We previously conducted qualitative interviews with individuals with HD and caregivers and completed a cross-sectional study of 389 individuals with HD and caregivers to identify the symptoms and issues that have the highest frequency and effect in people with HD [9]. In accordance with FDA guidelines, we utilized this data in conjunction with beta interviews, expert review, reliability assessment, and additional validity testing to develop the Huntington’s Disease Health Index (HD-HI). The HD-HI and its subscales were designed for use in clinical trials and as a tool to potentially support the merit of HD therapeutics.
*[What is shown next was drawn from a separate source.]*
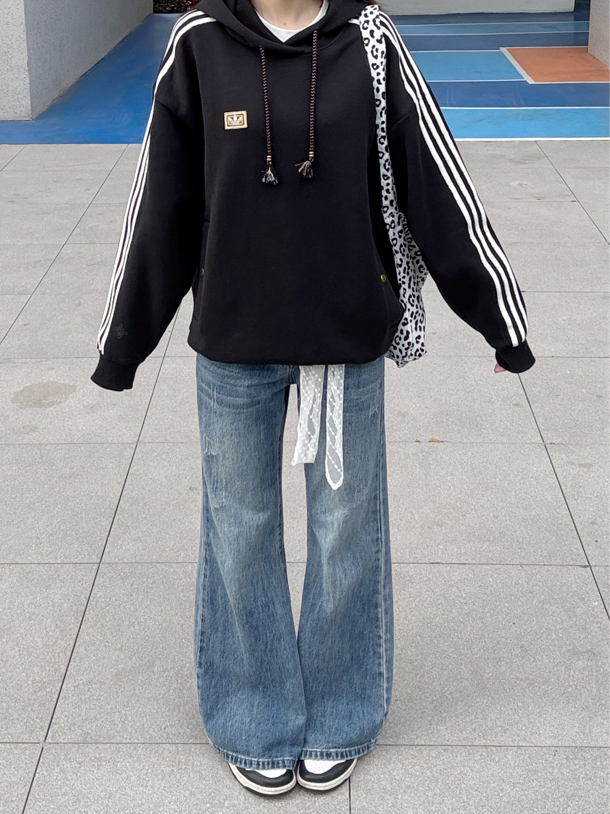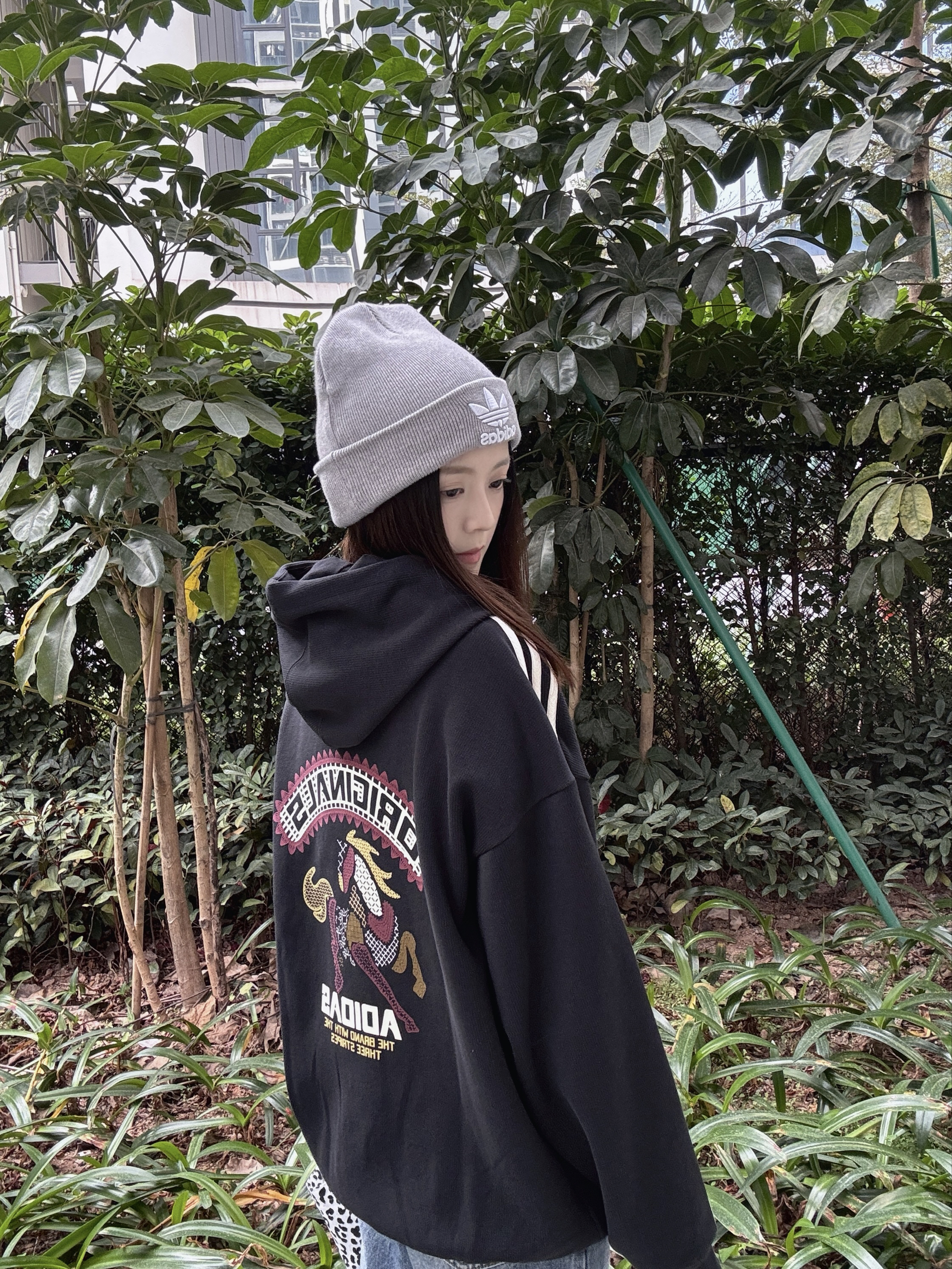 衣柜里少不了的黑色卫衣 后背马年印花回头率💯 三条杠经典又百搭!! 男女都能穿哦 我170 50穿的s哦✌️

The present study details the creation of the HD-HI, its content validation, construct validity, test-retest reliability, and sensitivity in differentiating between known groups of HD participants with different levels of disease burden.
MATERIALS AND METHODS
Eligibility criteria
All participants were aged 18 years or older and were either individuals with manifest HD, individuals with a positive genetic test for the expanded CAG repeat who self-reported no clinical diagnosis or symptoms (prodromal HD), or caregivers of individuals with HD. Participants were recruited via social media advertising through the Huntington Study Group, or through their prior participation in our cross-sectional study, PRISM-HD [9]. Four unique HD participant groups were used in this study, each for a different aspect of the research. Their general characteristics and research roles are detailed in Table 1. Group 1 included all participants of the PRISM-HD study [9]. All research activities were approved by the Research Subjects Review Board at the University of Rochester.
Demographic and clinical characteristics of all participants
*Participants of the PRISM-HD study [9]. Individuals with manifest HD and prodromal HD were included in the sex, age, and CAG repeat demographic analysis. ±Each of the 15 participants completed the entire HD-HI and were recruited from prior participation in clinical studies at the University of Rochester. §Patient responses were used to determine the test-retest reliability of the HD-HI. Each of the 25 participants completed the entire HD-HI and were recruited from prior participation in clinical studies at the University of Rochester. ¥Two participants reported having prodromal HD while simultaneously reporting low CAG repeat lengths (18). Their data was not utilized during striatal dysfunction calculations.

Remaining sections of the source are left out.